TASK ITEM: In the listing below, the answer starts at the line that has "Ռուսաստանցի հայտնի լրագրող" and stops after the line that has "処理速度を示しています。sp"; please repeat that part exactly and nothing more.

GIVEN RECORDS:
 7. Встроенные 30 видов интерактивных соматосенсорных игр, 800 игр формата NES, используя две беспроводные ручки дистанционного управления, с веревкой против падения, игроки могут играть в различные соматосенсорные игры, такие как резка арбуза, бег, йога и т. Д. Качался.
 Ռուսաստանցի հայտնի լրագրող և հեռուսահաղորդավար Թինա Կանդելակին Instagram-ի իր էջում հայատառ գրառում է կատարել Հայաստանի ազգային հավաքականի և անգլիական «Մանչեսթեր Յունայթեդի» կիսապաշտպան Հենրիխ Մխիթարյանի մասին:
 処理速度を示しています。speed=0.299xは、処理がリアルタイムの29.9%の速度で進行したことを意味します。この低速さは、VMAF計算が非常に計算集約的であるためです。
==
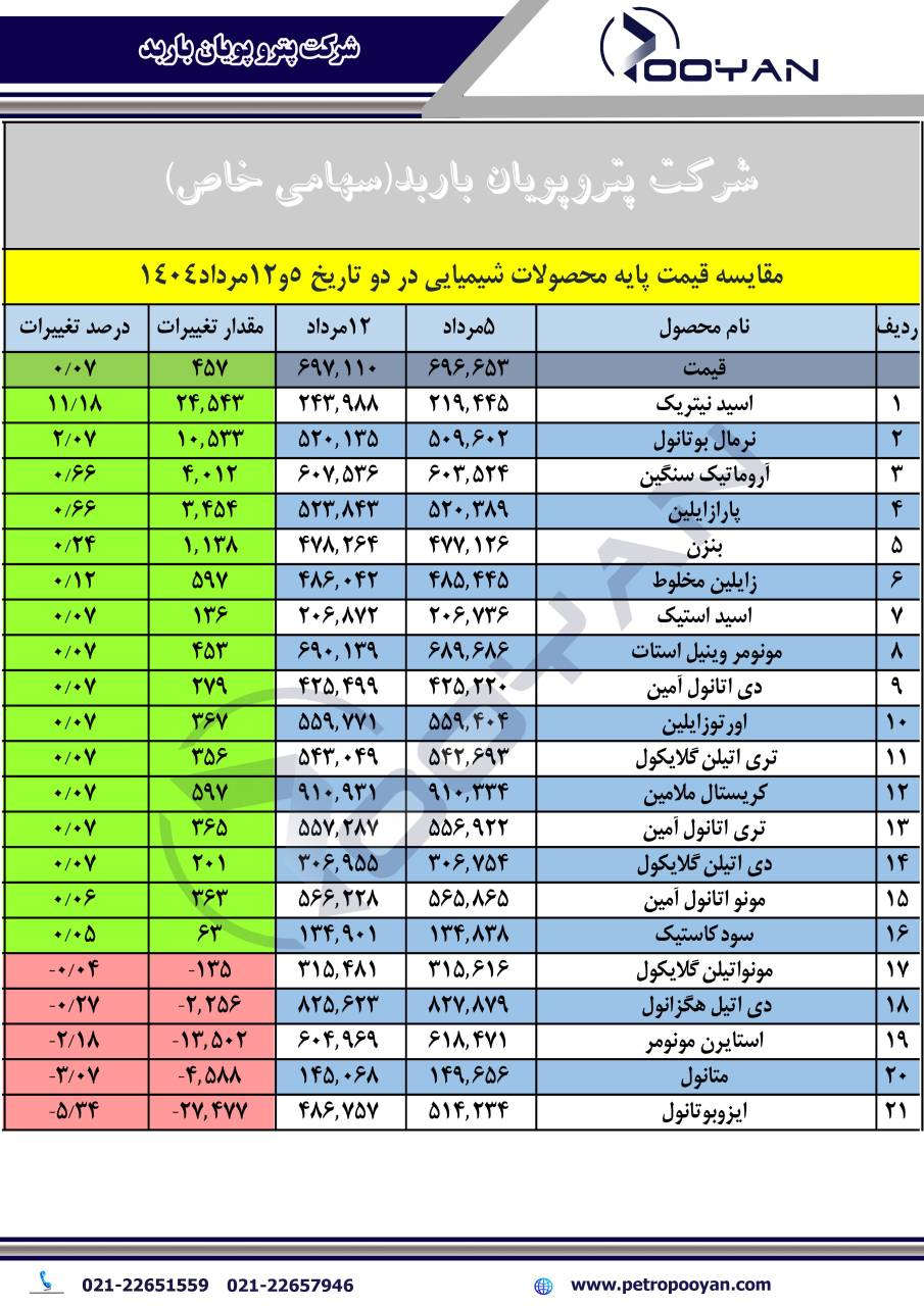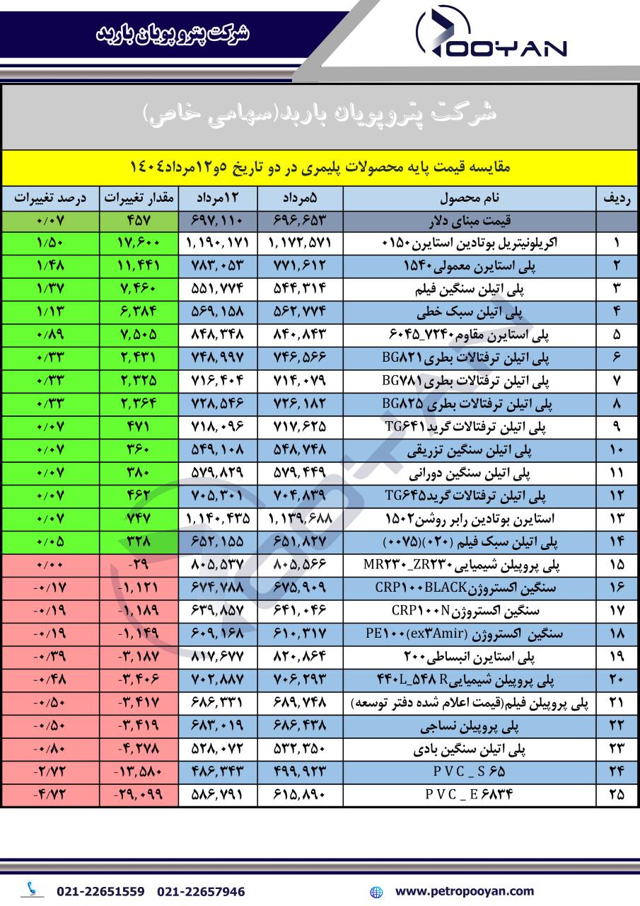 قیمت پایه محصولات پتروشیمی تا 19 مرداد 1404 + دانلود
* * *
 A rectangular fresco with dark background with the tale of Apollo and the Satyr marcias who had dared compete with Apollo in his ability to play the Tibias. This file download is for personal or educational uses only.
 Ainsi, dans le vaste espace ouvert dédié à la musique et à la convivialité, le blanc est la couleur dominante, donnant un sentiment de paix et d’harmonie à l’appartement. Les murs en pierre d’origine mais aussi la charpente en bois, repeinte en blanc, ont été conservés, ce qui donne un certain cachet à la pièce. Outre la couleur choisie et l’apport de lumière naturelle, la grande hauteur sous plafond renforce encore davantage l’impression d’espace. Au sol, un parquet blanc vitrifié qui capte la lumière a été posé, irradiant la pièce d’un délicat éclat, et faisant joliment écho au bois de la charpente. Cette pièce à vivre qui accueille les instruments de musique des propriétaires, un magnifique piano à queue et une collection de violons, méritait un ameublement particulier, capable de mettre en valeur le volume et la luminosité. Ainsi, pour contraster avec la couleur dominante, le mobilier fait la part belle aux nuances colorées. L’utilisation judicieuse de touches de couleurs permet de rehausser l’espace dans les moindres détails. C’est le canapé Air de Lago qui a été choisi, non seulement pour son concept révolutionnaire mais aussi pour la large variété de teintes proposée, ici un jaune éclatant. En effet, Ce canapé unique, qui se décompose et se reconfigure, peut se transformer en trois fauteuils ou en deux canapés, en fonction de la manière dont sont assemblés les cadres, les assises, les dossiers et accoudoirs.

FINISHED EXERCISE:
 Ռուսաստանցի հայտնի լրագրող և հեռուսահաղորդավար Թինա Կանդելակին Instagram-ի իր էջում հայատառ գրառում է կատարել Հայաստանի ազգային հավաքականի և անգլիական «Մանչեսթեր Յունայթեդի» կիսապաշտպան Հենրիխ Մխիթարյանի մասին:
 処理速度を示しています。speed=0.299xは、処理がリアルタイムの29.9%の速度で進行したことを意味します。この低速さは、VMAF計算が非常に計算集約的であるためです。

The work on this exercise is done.